- _WHAT TO PRODUCE_: Using only the entries below, copy exactly the lines that begin at the one with "فندک کوهیبا مشکی" and end at the one with "Das XL Glas", both included. Drop the pictures.

- _DATA UNDER STUDY_:
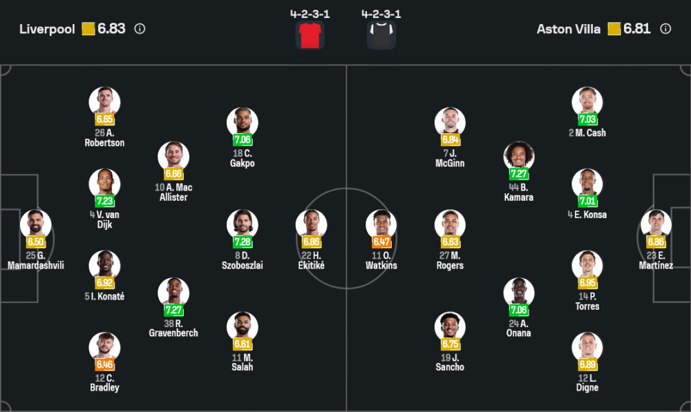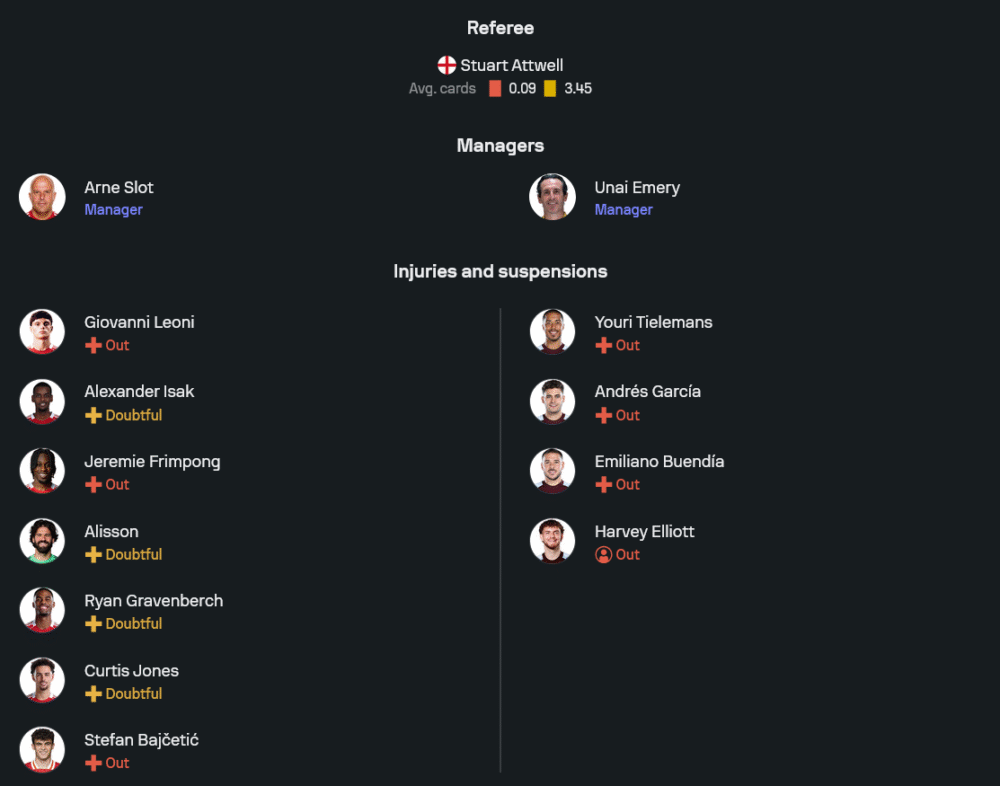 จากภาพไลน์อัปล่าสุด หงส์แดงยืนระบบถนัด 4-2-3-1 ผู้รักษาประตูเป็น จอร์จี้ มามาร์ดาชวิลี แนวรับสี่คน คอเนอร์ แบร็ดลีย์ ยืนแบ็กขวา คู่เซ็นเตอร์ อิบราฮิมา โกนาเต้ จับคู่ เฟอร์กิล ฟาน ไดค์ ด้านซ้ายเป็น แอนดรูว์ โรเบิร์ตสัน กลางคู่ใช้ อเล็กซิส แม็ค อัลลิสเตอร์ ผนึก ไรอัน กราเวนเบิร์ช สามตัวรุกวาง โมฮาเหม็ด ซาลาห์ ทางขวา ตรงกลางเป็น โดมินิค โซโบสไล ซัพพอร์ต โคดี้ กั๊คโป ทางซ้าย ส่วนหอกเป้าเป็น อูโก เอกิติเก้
* * *
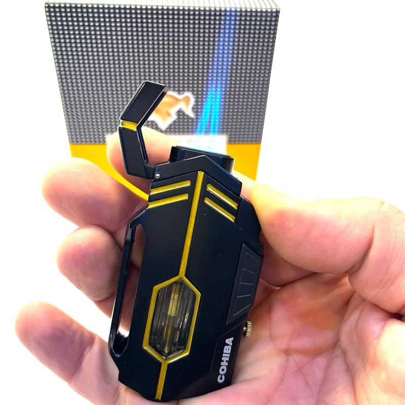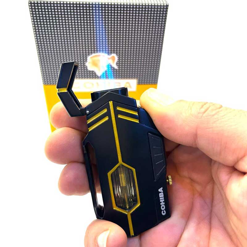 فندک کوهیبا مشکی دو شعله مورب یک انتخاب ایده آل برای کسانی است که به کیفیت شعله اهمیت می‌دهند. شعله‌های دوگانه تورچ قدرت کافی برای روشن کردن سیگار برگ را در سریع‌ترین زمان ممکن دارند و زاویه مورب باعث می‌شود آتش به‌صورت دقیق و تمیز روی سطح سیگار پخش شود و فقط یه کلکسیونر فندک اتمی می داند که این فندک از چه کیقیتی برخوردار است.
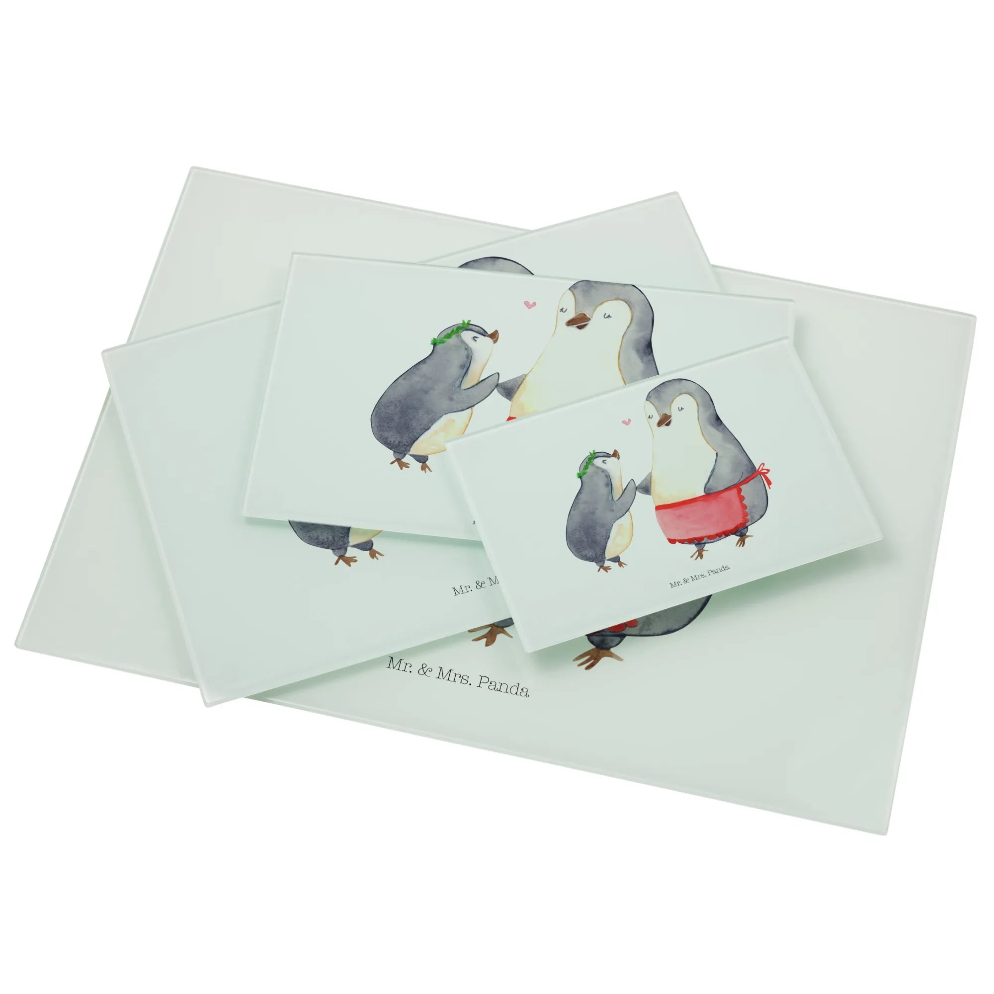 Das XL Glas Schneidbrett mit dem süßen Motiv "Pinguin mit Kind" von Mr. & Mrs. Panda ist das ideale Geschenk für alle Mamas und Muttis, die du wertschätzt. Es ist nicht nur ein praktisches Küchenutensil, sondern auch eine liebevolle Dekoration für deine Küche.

- _TASK SOLUTION_:
 فندک کوهیبا مشکی دو شعله مورب یک انتخاب ایده آل برای کسانی است که به کیفیت شعله اهمیت می‌دهند. شعله‌های دوگانه تورچ قدرت کافی برای روشن کردن سیگار برگ را در سریع‌ترین زمان ممکن دارند و زاویه مورب باعث می‌شود آتش به‌صورت دقیق و تمیز روی سطح سیگار پخش شود و فقط یه کلکسیونر فندک اتمی می داند که این فندک از چه کیقیتی برخوردار است.
 Das XL Glas Schneidbrett mit dem süßen Motiv "Pinguin mit Kind" von Mr. & Mrs. Panda ist das ideale Geschenk für alle Mamas und Muttis, die du wertschätzt. Es ist nicht nur ein praktisches Küchenutensil, sondern auch eine liebevolle Dekoration für deine Küche.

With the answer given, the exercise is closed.